If I am going to incorporate the helix into our together sexual experience, do I insert it before arousal or after arousal but before getting all the way in to the activity whether its oral or intercourse?
Hi and welcome to the forum!
Congratulations on deciding to do this for your man. I would presume your man is aware of your plans? Just asking, since he might get a fright if you whip out a Aneros device without prior notice.
If your man is not used to anal play I would suggest you arouse him first. This would go a long way to facilitate easier insertion. If he is used to anal play you can insert at the start and go from there.
Just remember to use lots of lube (non silicone based lube of you have the Syn version of the helix) and take it slow!
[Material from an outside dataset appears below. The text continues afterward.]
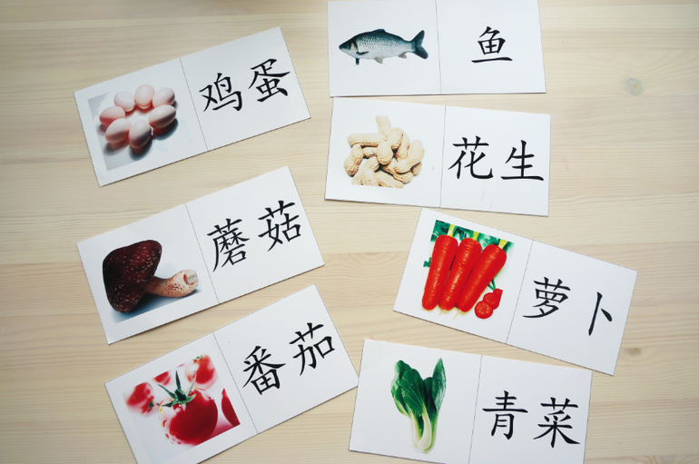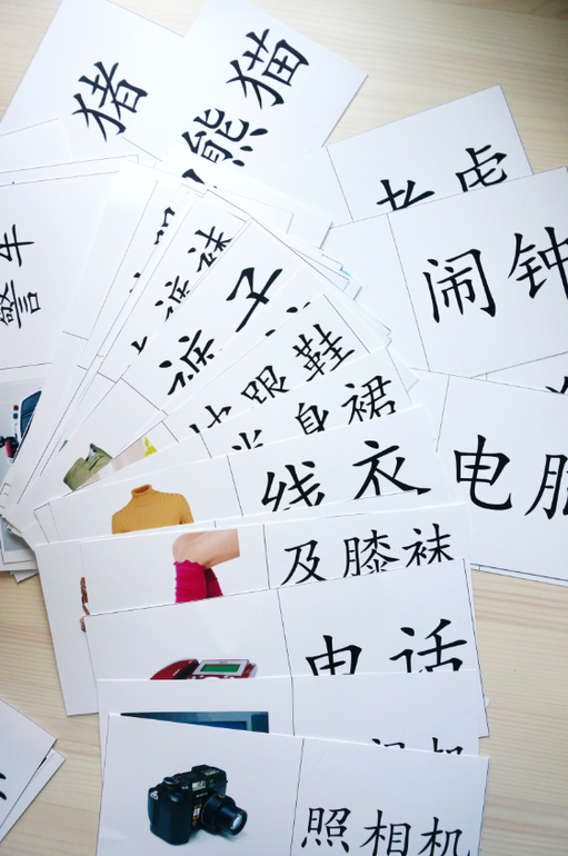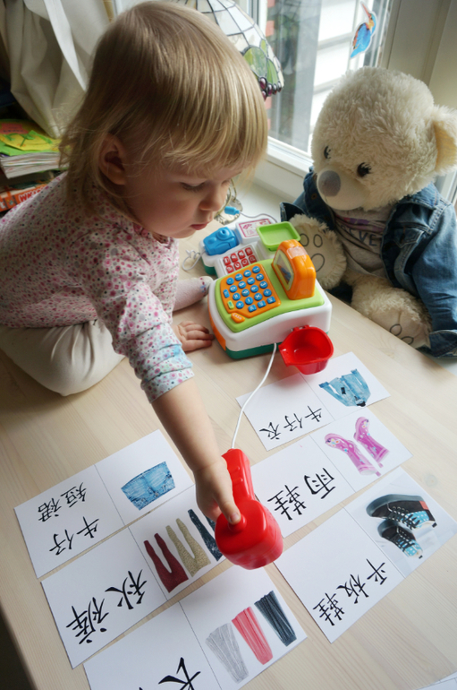 Занимаясь немного по методу Шичиды, мне казалось, что с китайским будет также, карты, иероглифы, слова...но оказалось, что не каждое слово означает 1 иероглиф, все гораздо сложнее, материала в интернете много, но не для маленьких деток, и не в том формате, как мне хочется. Мы озадачились с девочками, я решила, что буду готовить карты по теме, а они мне прописывать иероглифы. Занятие трудное, кропотливое, но оно стоит того. Теперь по дому у нас висят карточки с иероглифами и картинками к ним. У нас распечатана уже солидная стопка карт для игр - сюда входит и быстрый просмотр карт, и просмотр с акцентами на какие-то предметы, и сортировка по заданной теме, и игры, такие как магазин - я прихожу что-то покупать (продукты, одежда), а Маша продает мне и пробивает чек. Задача состоит в том, чтобы максимально часто в игровой форме ребенок видел иероглифы и запоминал их написание. В этом возрасте сделать это очень легко, так как нет логического мышления, все запоминается, как картинка. Пока я не устраиваю никаких проверок и тестов, не гоню, просто даю время впитывать, накапливать пассивно.

Tease his hole first so that he can relax and then slowly insert, pausing if he says it is uncomfortable.
Your man will be forever gratefull, I promise!
It is not clear from your post if you are male or female. I think this will make a difference.
If I am going to incorporate the helix into our together sexual experience, do I insert it before arousal or after arousal but before getting all the way in to the activity whether its oral or intercourse?
Welcome, please check out my aneroscouple blog for some ideas. For me, personally, I like a 30 minute head start with the aneros before I start playing with my girlfriend.
Once you insert the Helix, tease him by touching everywhere except his penis. My gf brought on 3 super Os last night by doing this! Whatever touch stimulates you, he will respond also once rewired on the aneros.
This wont be productive, but it is still my two cents. The first couple of months, give him time for himself to relax, focus, meditate with it inside. Leave the house for a couple of hours. When he knows what it really is and means, join in 🙂
I'm so very tired of one track minded people saying the same thing over and over. I do not suggest you leave him to it for a few months. My suggestion is to travel this road with him. That is not to say that he shouldnt have solo sessions. Many people who have no spouse or significant other are quick to give suggestions to those who are in relationships. They do not have the correct perspective to even be doing so. This is why you never see me post in topics that I have no perspective on. With that being said...
Both of you should know what Aneros is about. Meaning that it is not something to be rushed into. It will take time. However I think having your encouragement will help him progress nicely if not faster. Both of you should have a good working knowledge of the main techniques used here. Personally you being there will most likely work better than any other tool he may use to get aroused (porn, photos, etc), also you can stimulate him without him having to take time focus on what he is doing. Stay away from his penis (yes I know its hard) so that he can focus on the many new sensations he will have. It would be best to insert after arousal, if you choose to use oral to get him there then so be it what ever works for you two. Just do what feels good, its all about experimentation anyway.
The key for him will be to be aroused but relaxed at the same time. Don't rush things. Treat it like a very slow foreplay session.
It made my orgasm feel better the very first time I used it. There's no reason to let him use it on his own before incorporating it into your couples experience.